Mescalero Apache scouts served with the army during the Navajo War in 1863 and 1864. One of the last battles of the war involving the scouts occurred along the Pecos River of New Mexico Territory on January 4, 1864. After a band of about 100 Navajo warriors raided the reservation at Bosque Redondo, the local Indian agent led sixty Mescaleros south in the pursuit of the raiders and eventually caught up with them at the Pecos. When the fighting started, the Navajo realized they couldn't escape with their herd of stolen livestock so they took up defensive positions to try to fight off their pursuers. Initially, the Navajo were successful in keeping their enemies back, but, eventually, United States Army reinforcements began to arrive. After a long battle the Navajo were forced to retreat without the livestock, leaving an estimated forty dead on the field. Another twenty-five Navajos were estimated to have been wounded and a group the same size escaped. There were no casualties among the Americans or the Apache scouts and they recovered fifty horses and mules. Less than two weeks later Colonel Kit Carson would lead an expedition into Canyon de Chelly, the heart of Navajo territory, capturing most of the inhabitants and ending the war.

===Yavapai War===
Apache scouts were employed by the United States Army throughout most of the Apache Wars but it wasn't until about 1870 when General George Crook introduced the idea of enlisting entire companies of scouts.

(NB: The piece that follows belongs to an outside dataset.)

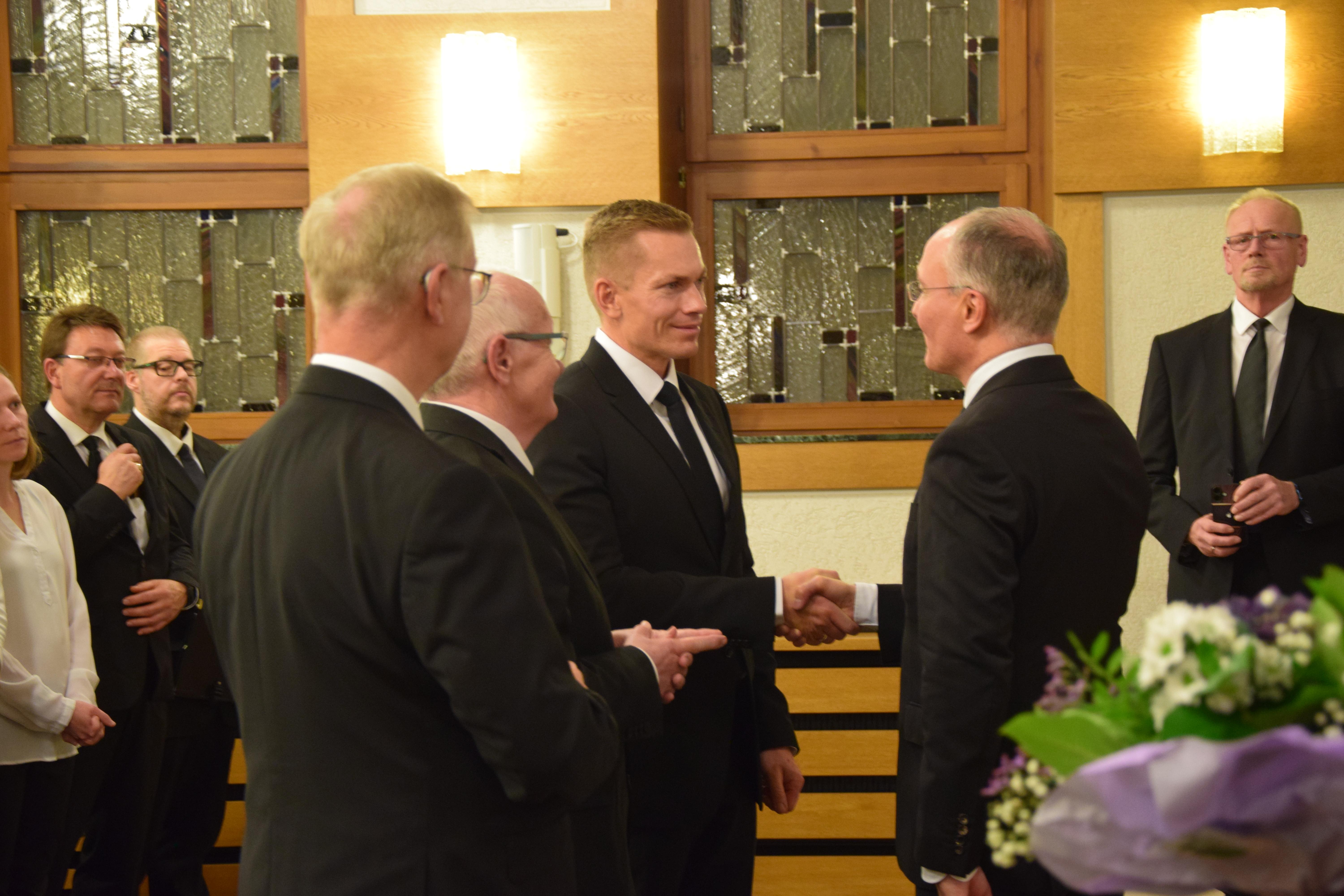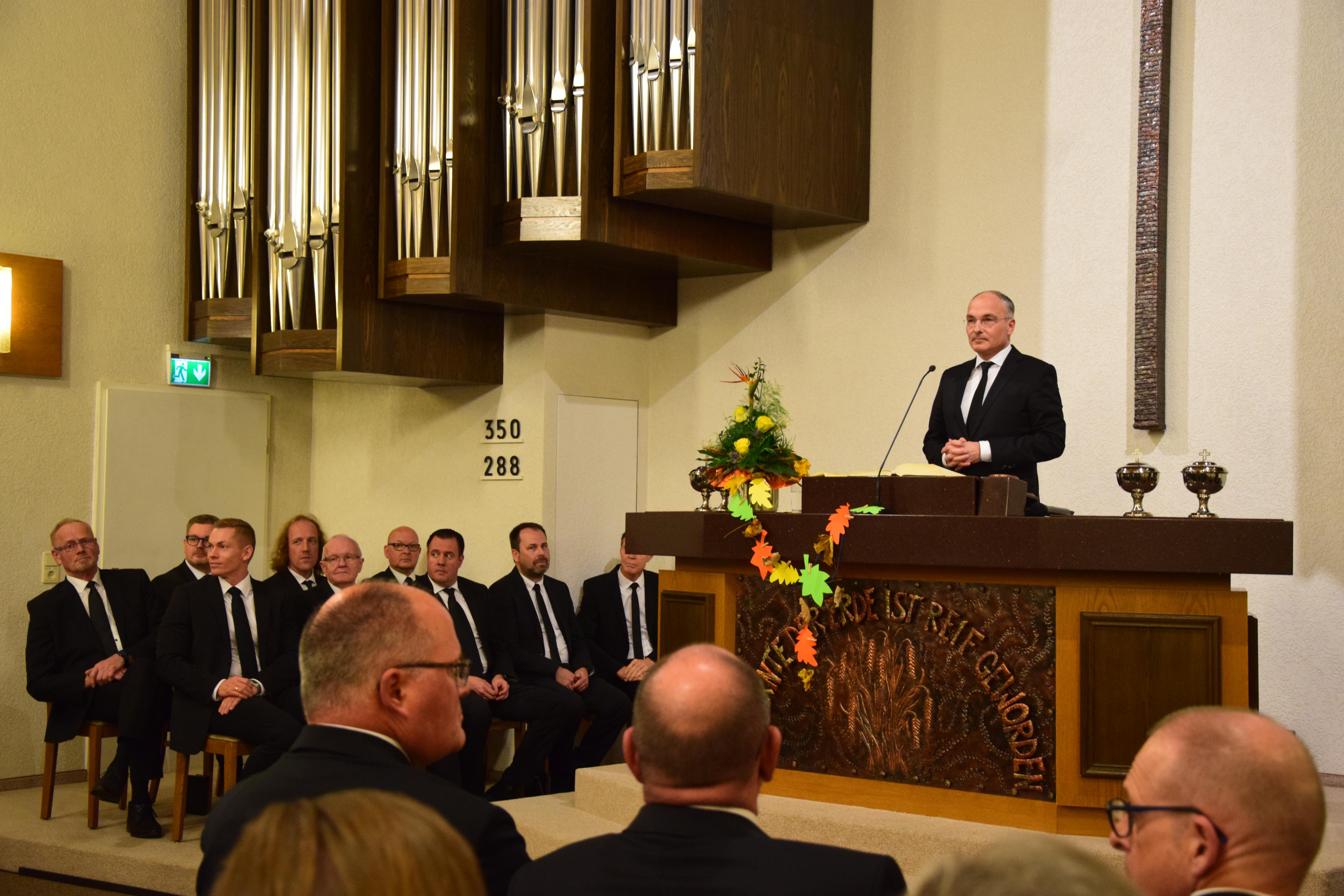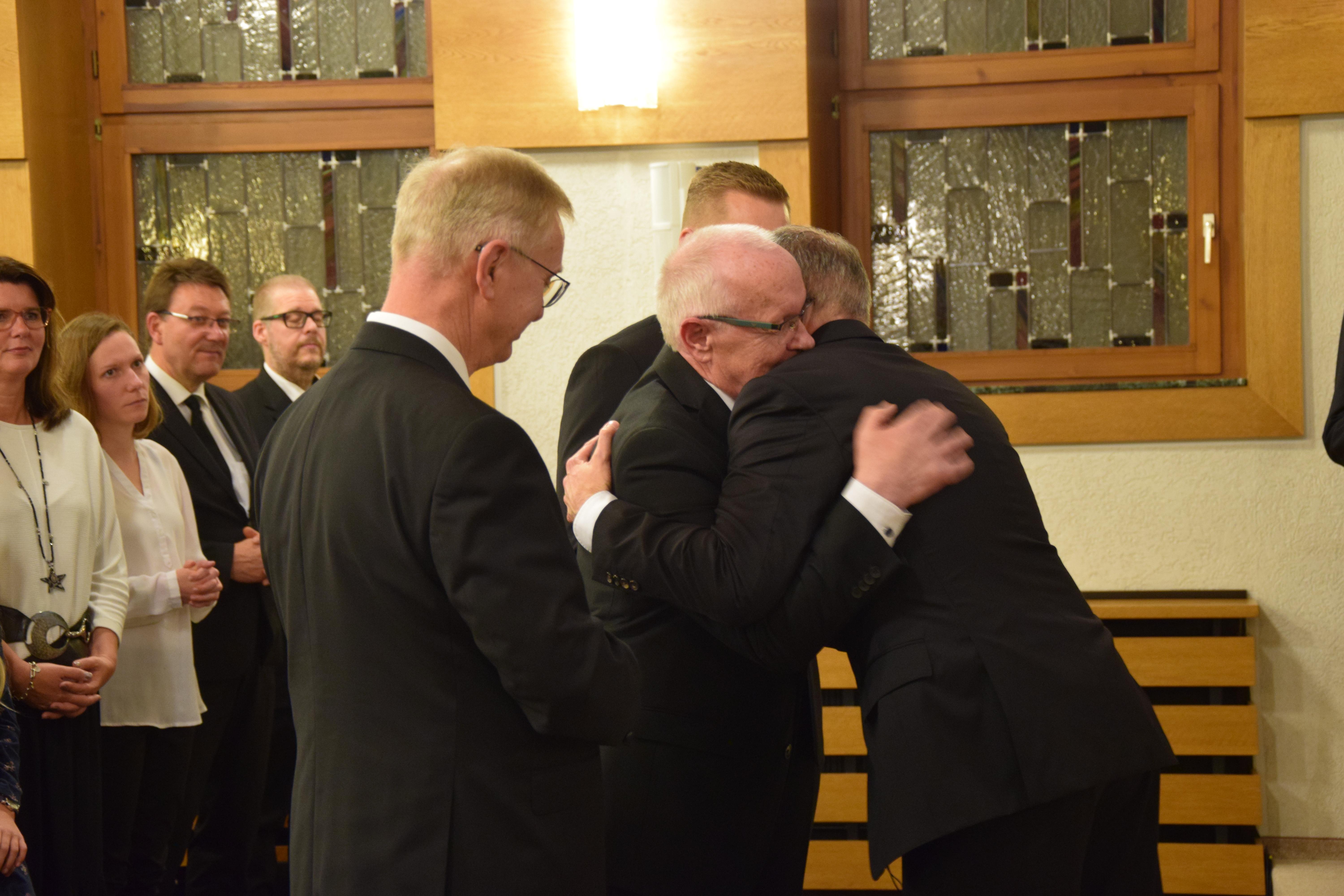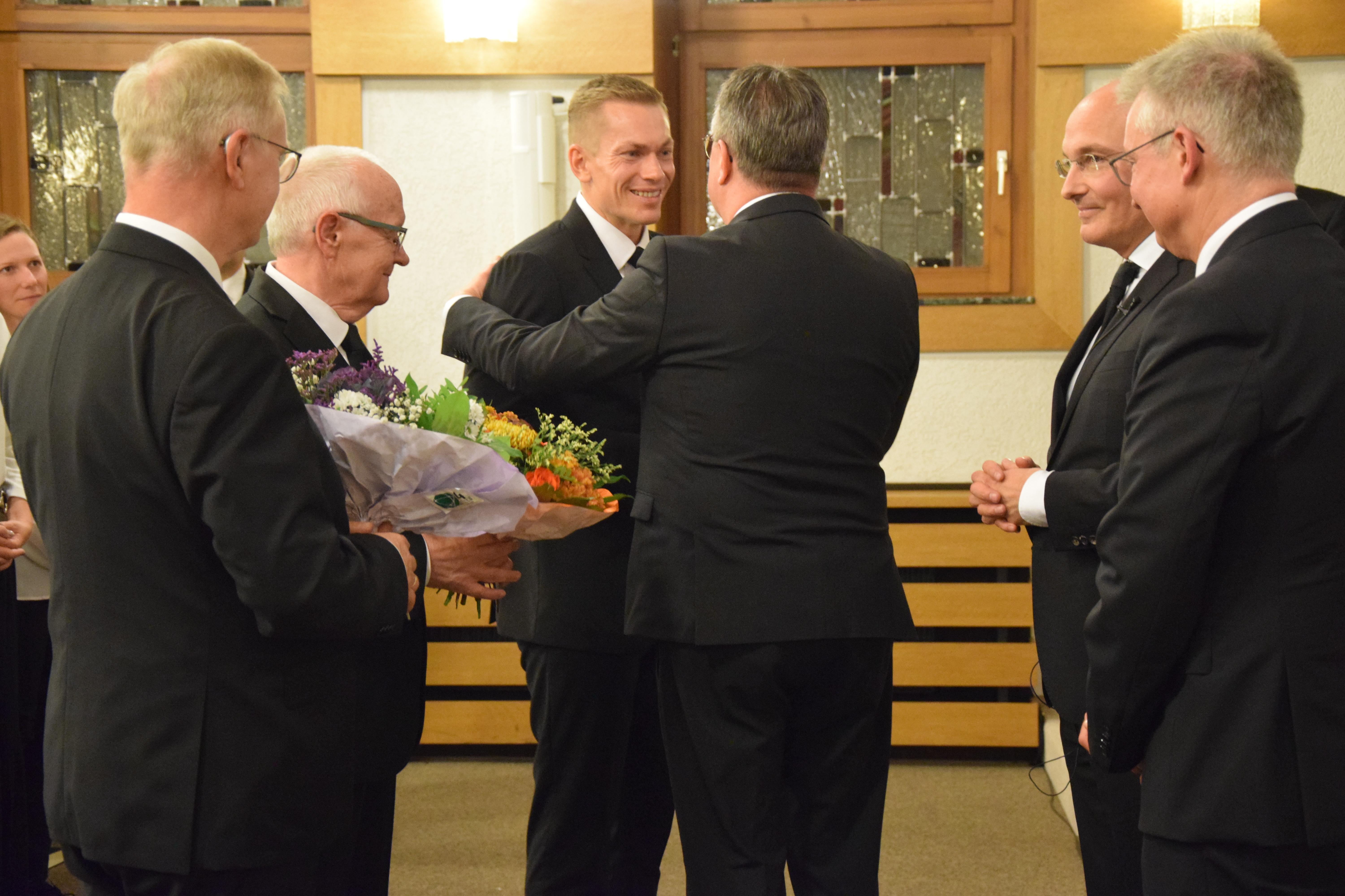 Nach der Feier des Heiligen Abendmahls versetzte der Stammapostelhelfer die beiden Geistlichen in den Ruhestand: Joachim Richter sagte vor 41 Jahren und Uwe Eggers vor 45 Jahren ihr „Ja“ zu ihrem ersten Amtsauftrag. In persönlichen, wertschätzenden Dankesworten zählte er die vielen Stationen dieser beiden Amtstätigkeiten auf, die oftmals mit weiten Wegen und großer persönlicher Opferbereitschaft der beiden ehrenamtlichen Geistlichen sowie deren Familien verbunden waren.

However, at that time, few Apaches were willing to join Crook so he was forced to recruit native Americans from various tribes across the Southwest. The majority of Crook's scouts were Apache, divided into two companies, but at first there were also Navajos, Pimas, Yaquis, Opatas, Papagos, Walapais, Yavapais, and Paiutes, as well as some Mexicans and Americans. General Crook allowed any captured Apache male to join his scouts, believing that "the wilder the Apache was, the more he was likely to know the wiles and statagems of those still out in the mountains. (sic)" While Crook was recruiting natives to fight for him, he was also fighting against the Western Apaches and the closely associated Yavapai tribe in central Arizona Territory. During the Tonto Basin Campaign in 1872, Crook deployed his scouts at the Battle of Salt River Canyon on December 28. Over 100 Yavapai and Tonto men, women and children were held up inside a cave overlooking the Salt River. With some 130 cavalrymen, and about thirty scouts, Crook attacked the cave, killing seventy-six people, including non combatants, and capturing the remaining thirty-four. The general followed up the victory with another at Turret Peak, on March 27, 1873, in which another fifty-seven Yavapai and Tonto Apache were killed. Only one man was killed on the Americans' side during both engagements and soon after the Yavapai and the Tonto began flocking to Camp Verde to surrender.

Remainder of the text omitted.